## Add Prosperity Index data to Mass protest data

The Legatum Institute is a London-based think-tank... who worked with more than 100 academics and experts around the world with particular expertise in each of the pillars of prosperity to develop an appropriate taxonomy of discrete elements and supporting indicators which, when combined, accurately capture prosperity in the world.
- https://www.prosperity.com/about/methodology

The 12 pillars created by the Legatum Institute to measure each country are:
 * Safety and Security
 * Personal Freedom
 * Governance
 * Social Capital
 * Investment Environment
 * Enterprise Conditions
 * Market Access & Infrastructure
 * Economic Quality
 * Living Conditions
 * Health
 * Education
 * Natural Environment

In [221]:
import pandas as pd
import numpy as np

import pickle

In [222]:
#mass = pd.read_csv('../source/mmALL_073120_csv.csv')

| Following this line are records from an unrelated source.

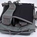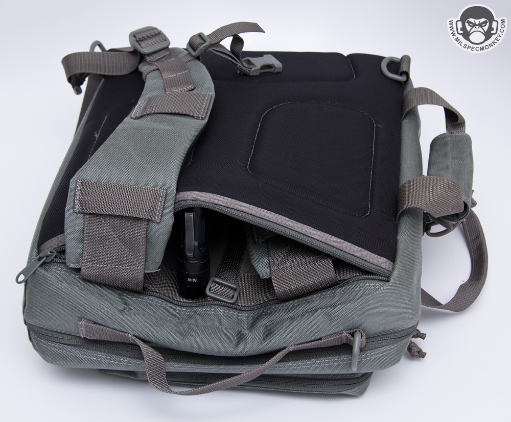Like the description infers, the core bag concept is to be a shoulder bag that can carry an appropriate sized laptop. The Testudo adds a twist to this by having a set of stow-able backpack straps built into the back side. This makes the Testudo a hybrid pack where it can be in shoulder strap mode for quick access or switched over to backpack mode for much more comfort and mobility in longer hauls. It was nice to see the backpack straps were not half-assed either as they are fully padded and even include a sternum strap. When not in use, the backpack straps conveniently hide away in their back pocket keeping a clean look. The Spatha has its own features on the back side including a luggage strap for mounting on rolling bag handles and a single zippered pocket with a generous amount of loop velcro inside for more holding options.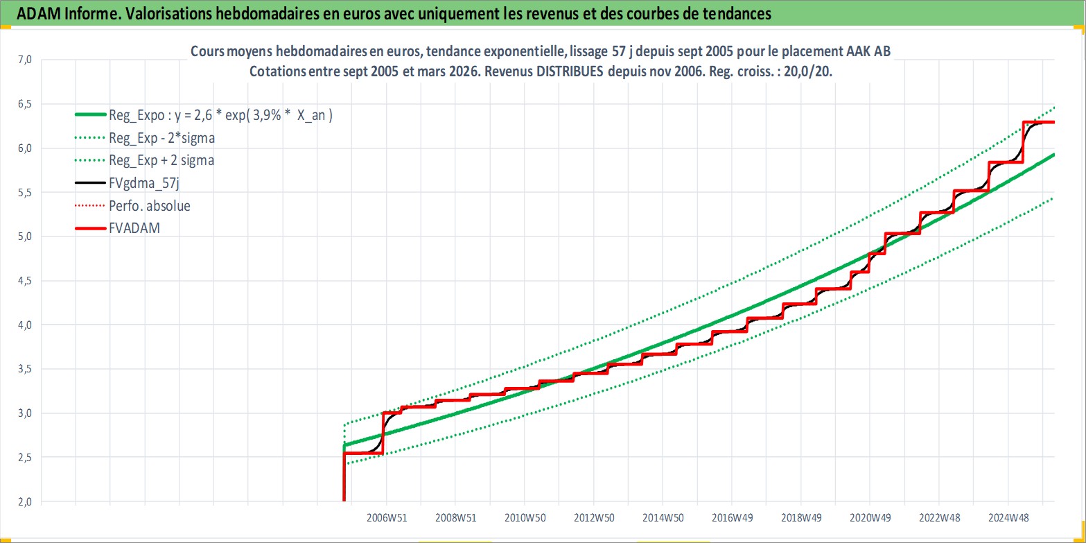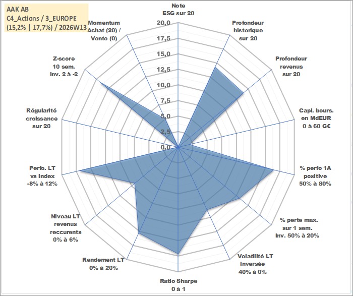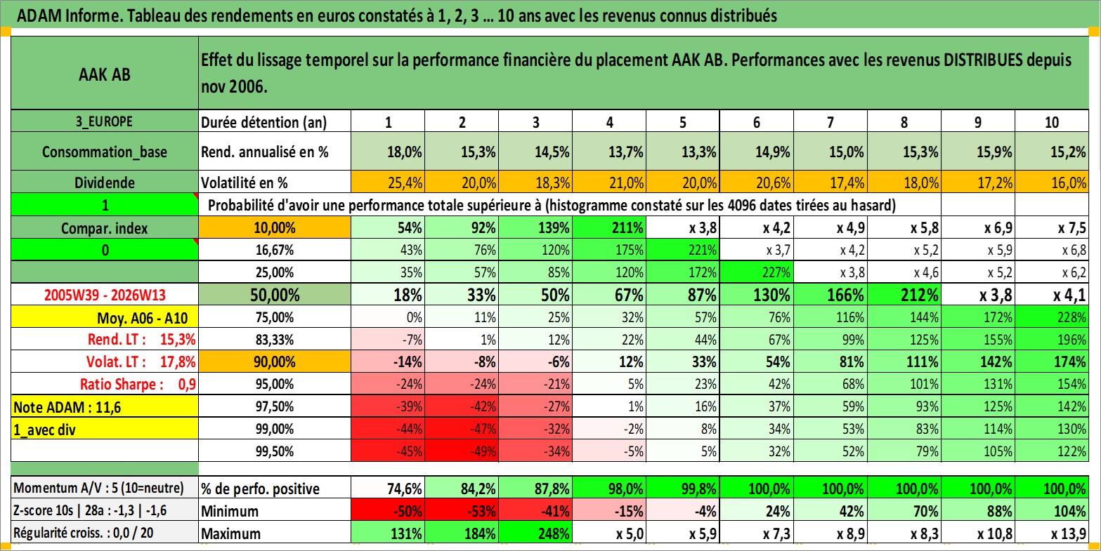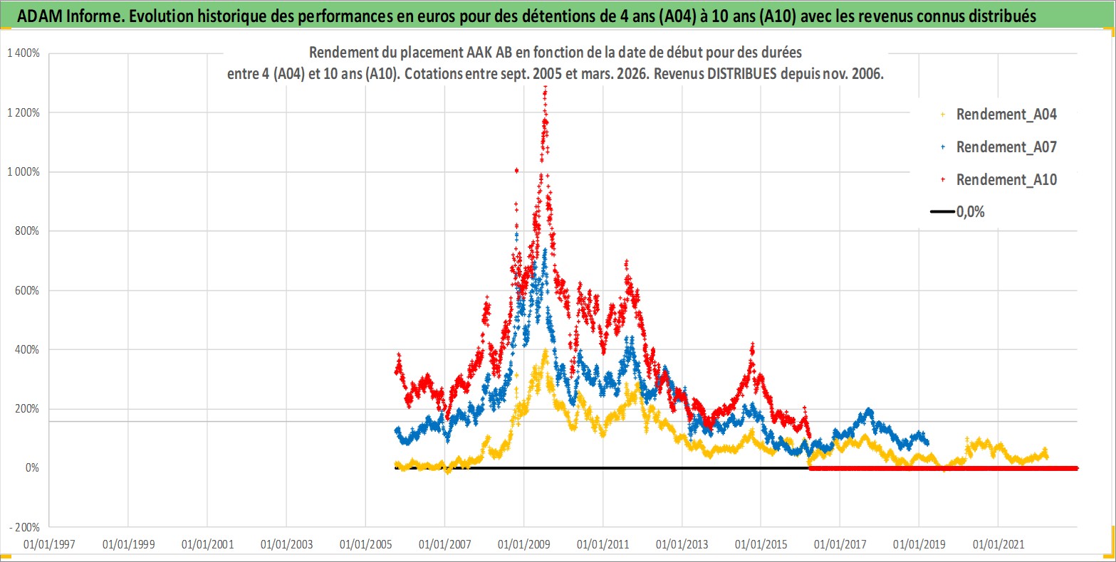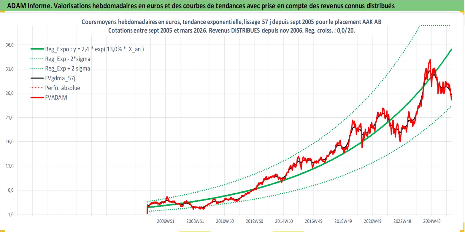 Site dédié aux investisseursPage dédiée sur site financeAnalyse des valorisations hebdomadaires de l'action AAK AB. Cet actif est cote en SEK. Les valorisations sont en contrevaleur EURO et couvrent les semaines 2005W39 a 2026W13. Les revenus de cet actif financier sont pris en compte depuis la semaine 2006W46. La note ESG de cet actif n'est pas connue.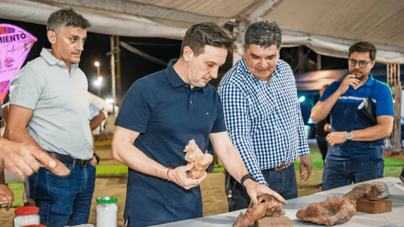Tras el acto protocolar, la comitiva oficial recorrió el predio de expositores, donde interactuaron con el público y pudieron apreciar productos regionales, artesanías y muestras de calcitas en su estado natural.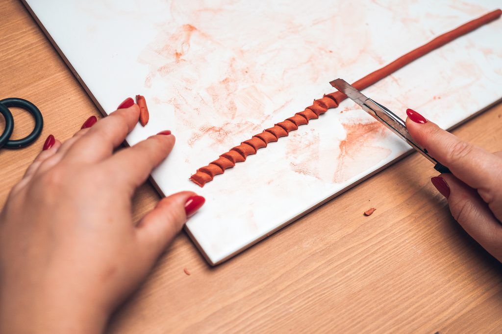• Ze samotvrdnoucí hmoty si vyválíme plát silný cca 3 mm. Položíme na něj sklenici a uřízneme hmotu, která odpovídá jejímu obvodu. Hmotu uzpůsobíme pomocí ulamovacího nože a seřízneme nadbytečné okraje.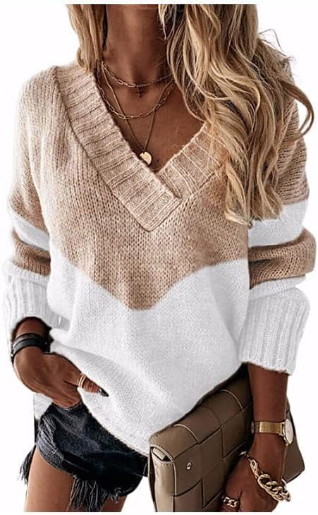 Bengbobar Womens Leopard Print Sweater V Neck Sweaters Knit Long Sleeve Jumper Sweater Color Block Ribbed Pullover for Women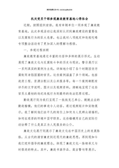 【七哥公文】2025年:【七哥公文】机关党员干部参观廉政教育基地心得体会+更多免费公文+VX:QiGeGongWen2024+更多免费公文+VX:QiGeGongWen2024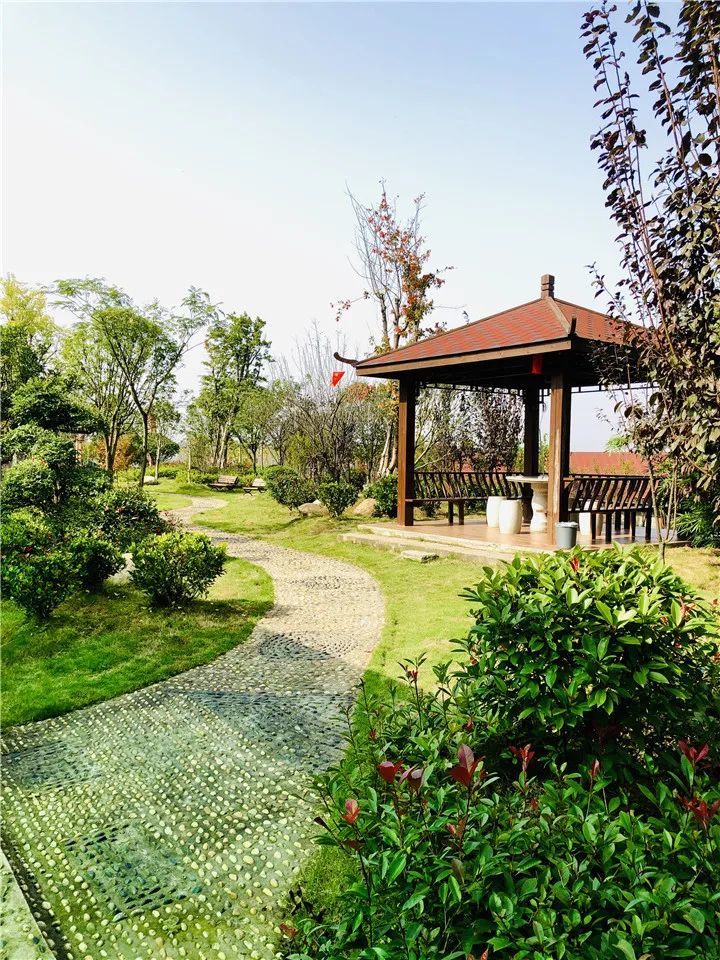 一湖碧水荡漾,绿树环绕掩映,庭院之中曲径通幽,处处都是怡人的风光。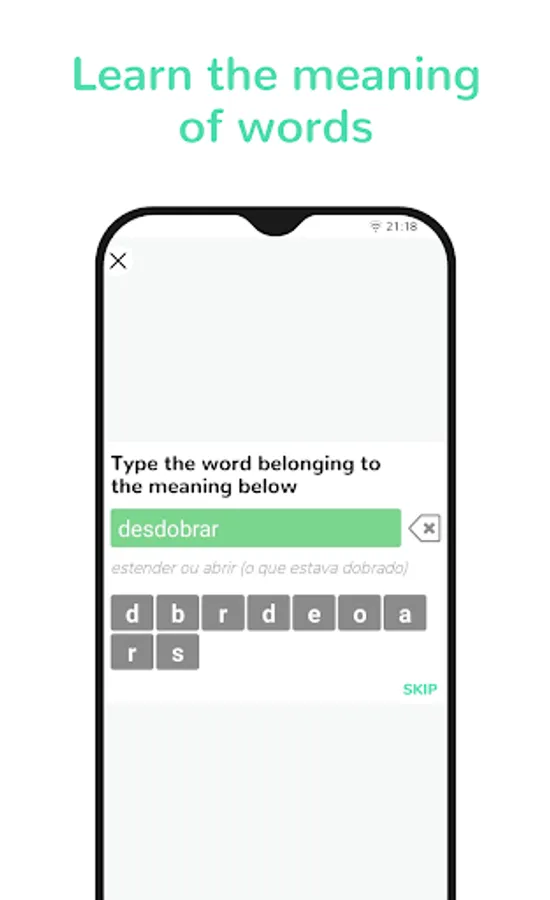 Improve your Portuguese, learn new words and explore the language with this vocabulary Builder. Unlock the wisdom of the world!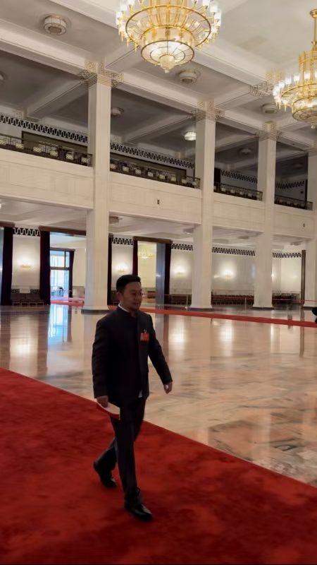 高山持请柬经迎宾红毯入场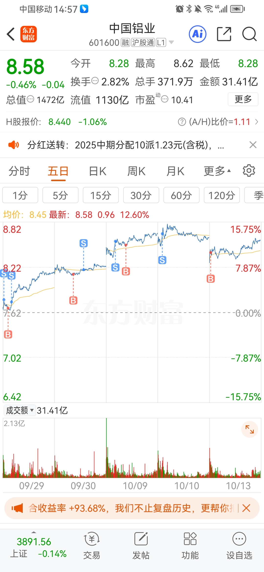 $中国铝业(SH601600)$ 上周五基本上是清仓卖出,今天按计划接回来一半底仓,拿到分红又可以多赚利润。#炒股日记# #复盘记录# 高抛低吸,低吸高抛

mass =pd.read_pickle('../data/02a_added_population.pickle')

mass.head(2)

Unnamed: 0,id,country,ccode,year,region,protest,protestnumber,startday,startmonth,startyear,...,stateresponse4,stateresponse5,stateresponse6,stateresponse7,sources,notes,PopMale,PopFemale,PopTotal,PopDensity
0,201990001,Canada,20,1990,North America,1,1,15.0,1.0,1990.0,...,,,,,1. great canadian train journeys into history;...,canada s railway passenger system was finally ...,13656.649,13884.674,27541.323,3.029
1,201990002,Canada,20,1990,North America,1,2,25.0,6.0,1990.0,...,,,,,1. autonomy s cry revived in quebec the new yo...,protestors were only identified as young peopl...,13656.649,13884.674,27541.323,3.029


In [223]:
print (f'There are { len(set(list(mass["country"]))) } countries in the mass protest dataframe.')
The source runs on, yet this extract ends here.